Very decent stone, considering its price. Excellent for taking out the coarse scratches from the Sigma Power Ceramic #120 and getting set up for an #800 or coarse 1k. The scratches from this 500 are a bit coarse to go right to a finer 1k.


----------



## Benuser (Jul 7, 2019)

Benuser said:


> Any idea of the JIS grit of the JNS300?


Reason I ask, is that for those few strokes needed to set a bevel after good thinning, a JIS 300 would be quite too coarse and detrimental to final edge stability. I prefer something in the 600 range. With a Naniwa Pro/Chosera 500, I can easily jump to stropping and deburring on the 2 or even 3k. A bit minimalist, but it works.


----------



## M1k3 (Jul 7, 2019)

Benuser said:


> Reason I ask, is that for those few strokes needed to set a bevel after good thinning, a JIS 300 would be quite too coarse and detrimental to final edge stability. I prefer something in the 600 range. With a Naniwa Pro/Chosera 500, I can easily jump to stropping and deburring on the 2 or even 3k. A bit minimalist, but it works.

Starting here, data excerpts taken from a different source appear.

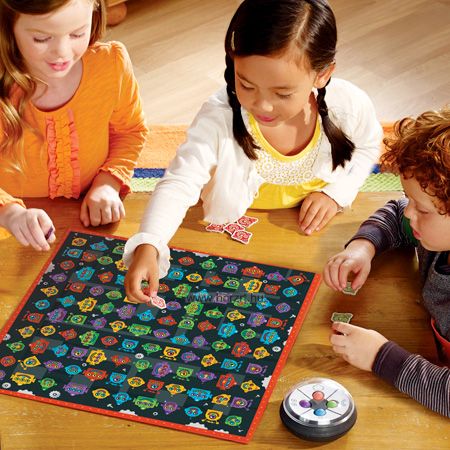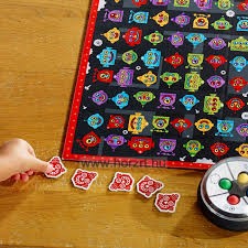 2, Mindenki a játéktáblára szegezi a szemét, és megpróbálja megkeresni a robotfejet, amelynek színei megegyeznek a kipörgetett színekkel.
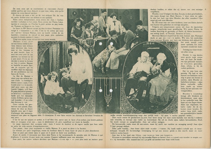 Mevrouw Benton's haard had de onze kunnen zijn. Niemand dacht er aan een « rol » te spelen. Wij zien het werkelijke leven wanneer Moeder met hare zes kinderen zich afslooft bij
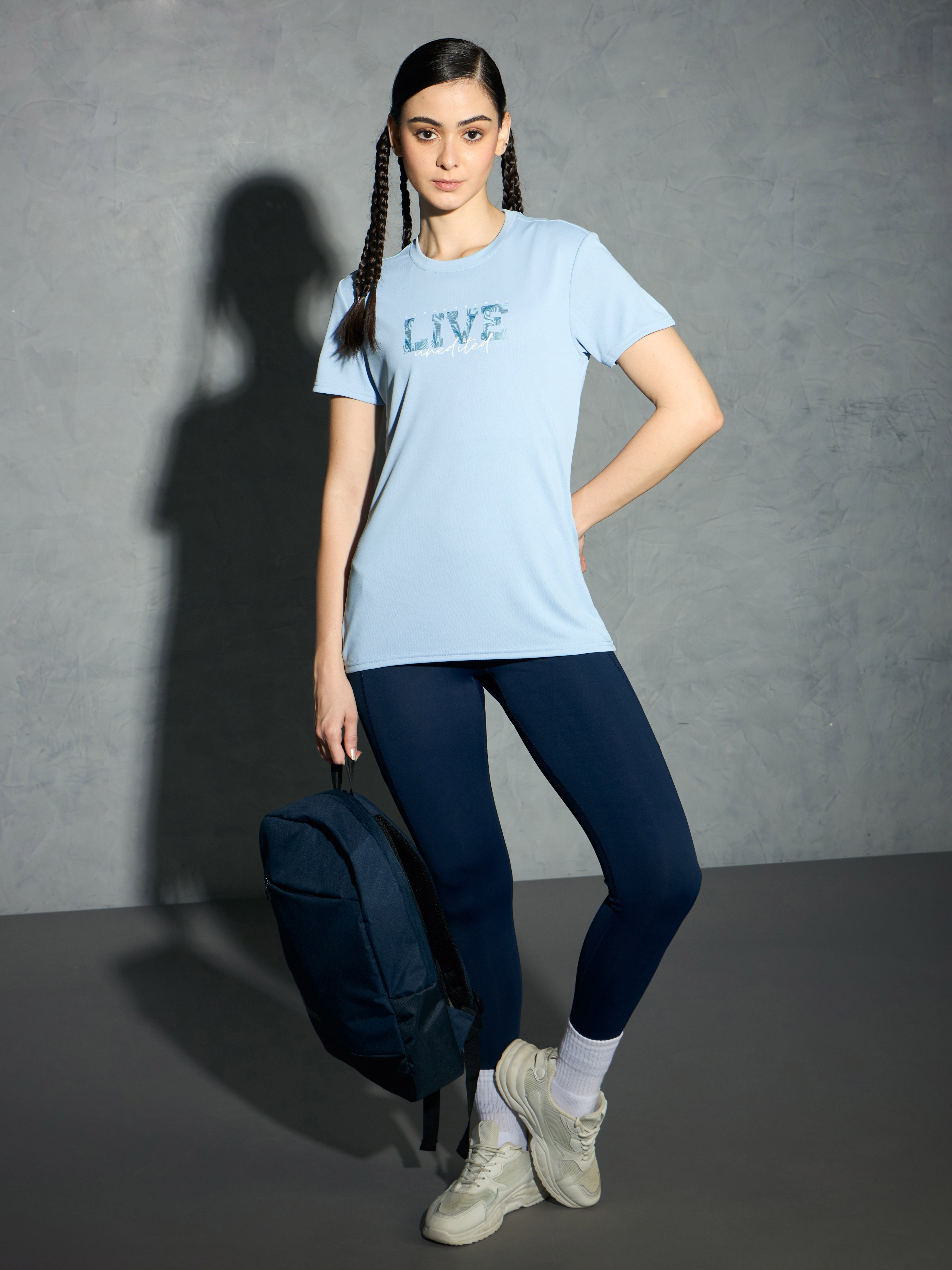 Women Printed Slim Fit Round Neck T-shirt with TECHNOCOOL+
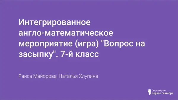Англо-математическая игра «Вопрос на засыпку» активизирует математические способности учащегося в изучении иностранного языка. Развивает интерес учащихся к знаниям, совершенствует математические умения и навыки, активизирует и автоматизирует лексические единицы по английскому языку.
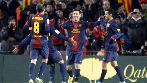 Phút 22, từ quả phạt góc do Messi thực hiện, Iraizoz xuất sắc cản phá cú dứt điểm của Cesc Fabregas nhưng Pique kịp thời có mặt nhẹ nhàng đưa bóng vào lưới trống ở cự ly gần. 1- 0 cho Barca. Chỉ 2 phút sau, Messi lên tiếng bằng bàn thắng rất điệu nghệ sau khi đón đường kiến tạo đẹp mắt của Xavi.
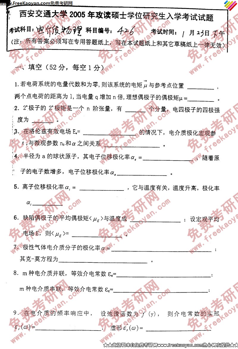 西安交通大学2005年半岛在线注册真题-电介质物理
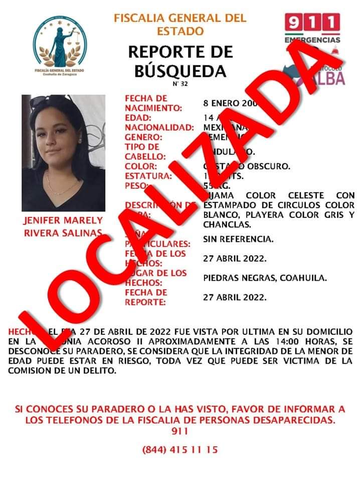 En otro asunto, en la ciudad de Piedras Negras, fue localizada en buen estado de salud Jenifer Marely Rivera Salinas, quien fue reportada como no localizada la noche del miércoles por sus familiares; derivado de una intensa búsqueda inmediata en la que participaron Agentes de Investigación Criminal, en Colaboración con policías de la Secretaría de Seguridad Pública del Estado y autoridades municipales, dio como resultado su pronta localización. Al entrevistarla manifestó que su ausencia fue voluntaria por una desavenencia familiar. Fue canalizada a la Procuraduría para las Niñas, Niños y la Familia.
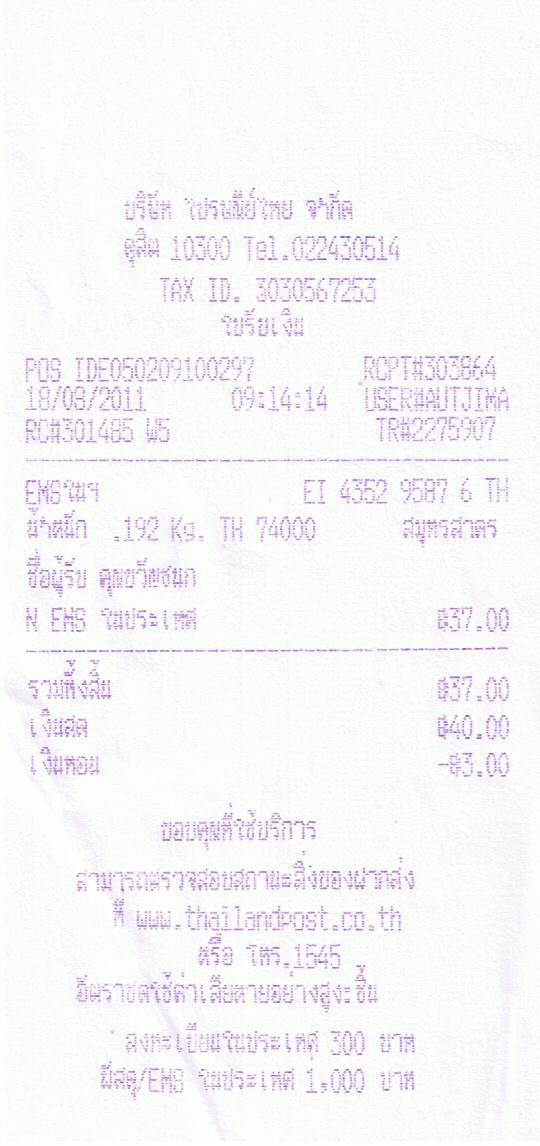 คุณขวัญชนก > EI 435295876 TH ส่งสินค้าให้เรียบร้อยแล้วนะคะ โอกาศหน้าเชิญเลือกชื้อสินค้าของแท้กับบริการคุณภาพจากร้านของเราได้อีกนะคะขอบคุณมากๆค่ะ
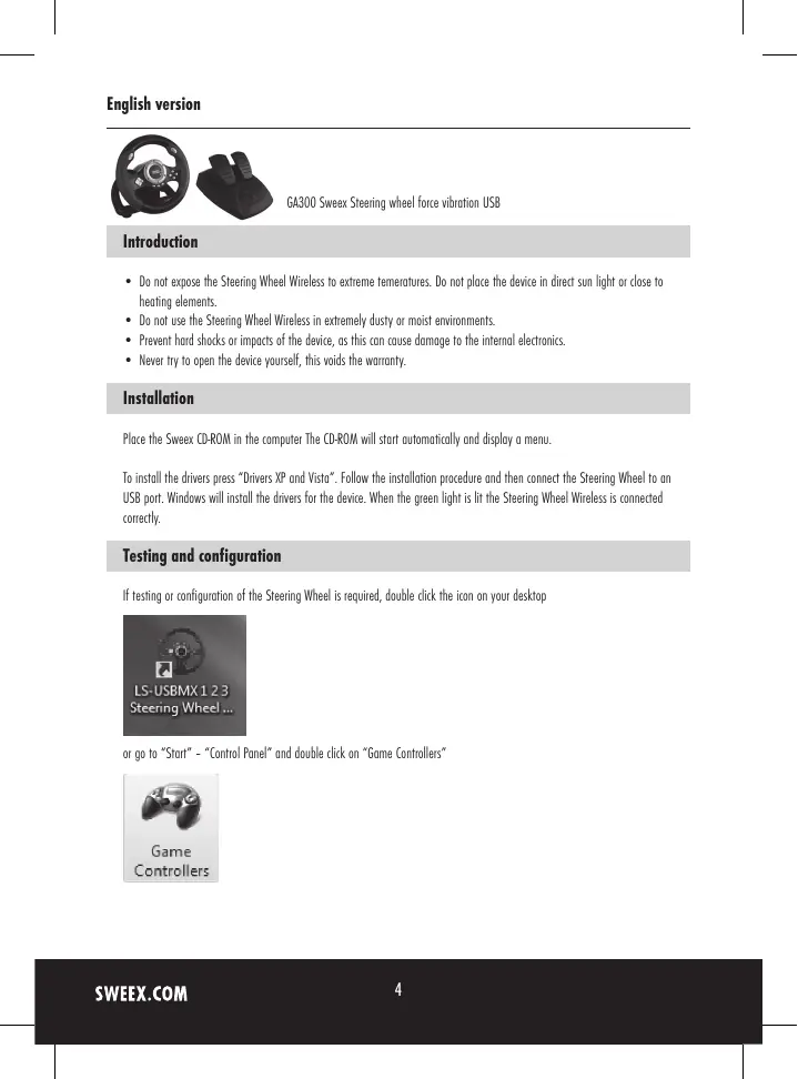 GA300 - Volant de jeu vidéo SWEEX - Notice d'utilisation et mode d'emploi gratuit
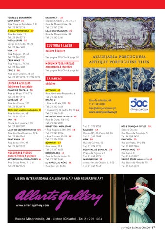 Augusta, 285-295 6 B Tel. 21 347 8354 • Rua Garrett, 83-93 3 E Tel. 21 324 0980
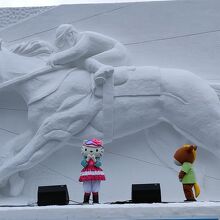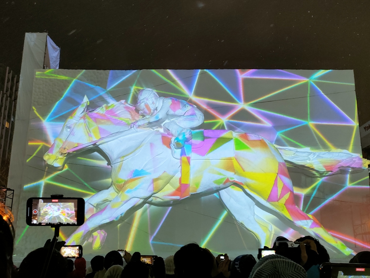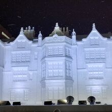 5丁目の競馬像、8丁目の豊平館で、大雪像に迫力のプロジェクションマッピングが楽しめるようになっている。
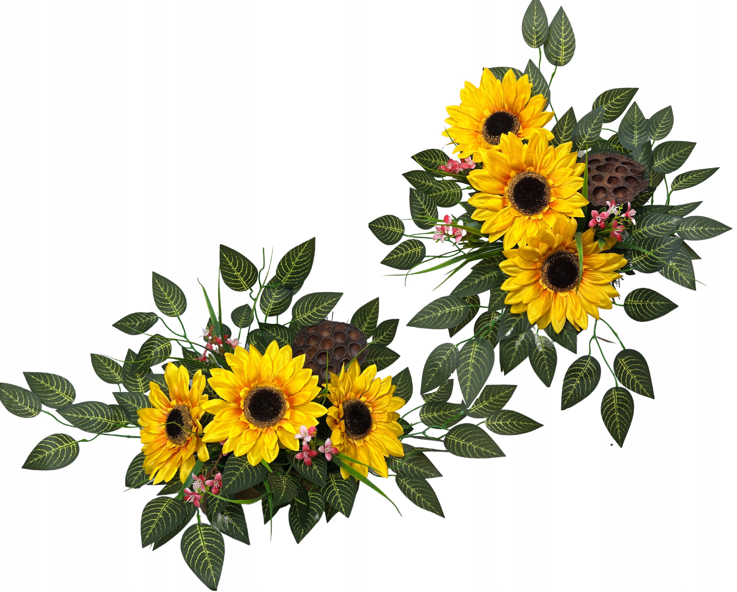 Цветочная композиция изготовлена из искусственных цветов высочайшего качества. и добавки. Для создания украшения были использованы цветы подсолнечника, засушенный цветок лотоса, большое количество зеленых листьев и красные украшения.
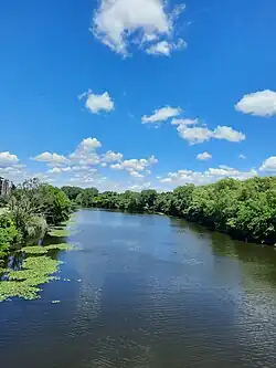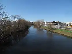 The Malden River is a 2.3-mile-long (3.7 km)[1] river in Malden, Medford, and Everett, Massachusetts. It is roughly 675 feet (206 m) wide at its widest point and is very narrow at its smallest point. Its banks are largely occupied by industrial business, and the river is scarcely used or even mentioned. Its water quality is worse than most local waters, including the Mystic River, into which it flows. The Mystic River Watershed Association is working and creating educational programs to help the environment. The Association works on projects to improve the Mystic River and tributaries, lakes and ponds and greenways along the waterfronts. Rivergreen Park is part of the Mystic Greenways and is along the Malden River. [2][3] The Friends of the Malden River organize clean-up events.[4]

I'd use the JNS300 after doing the heavy metal removal. Then move to like 500 or so.


----------



## labor of love (Jul 7, 2019)

Benuser said:


> Reason I ask, is that for those few strokes needed to set a bevel after good thinning, a JIS 300 would be quite too coarse and detrimental to final edge stability. I prefer something in the 600 range. With a Naniwa Pro/Chosera 500, I can easily jump to stropping and deburring on the 2 or even 3k. A bit minimalist, but it works.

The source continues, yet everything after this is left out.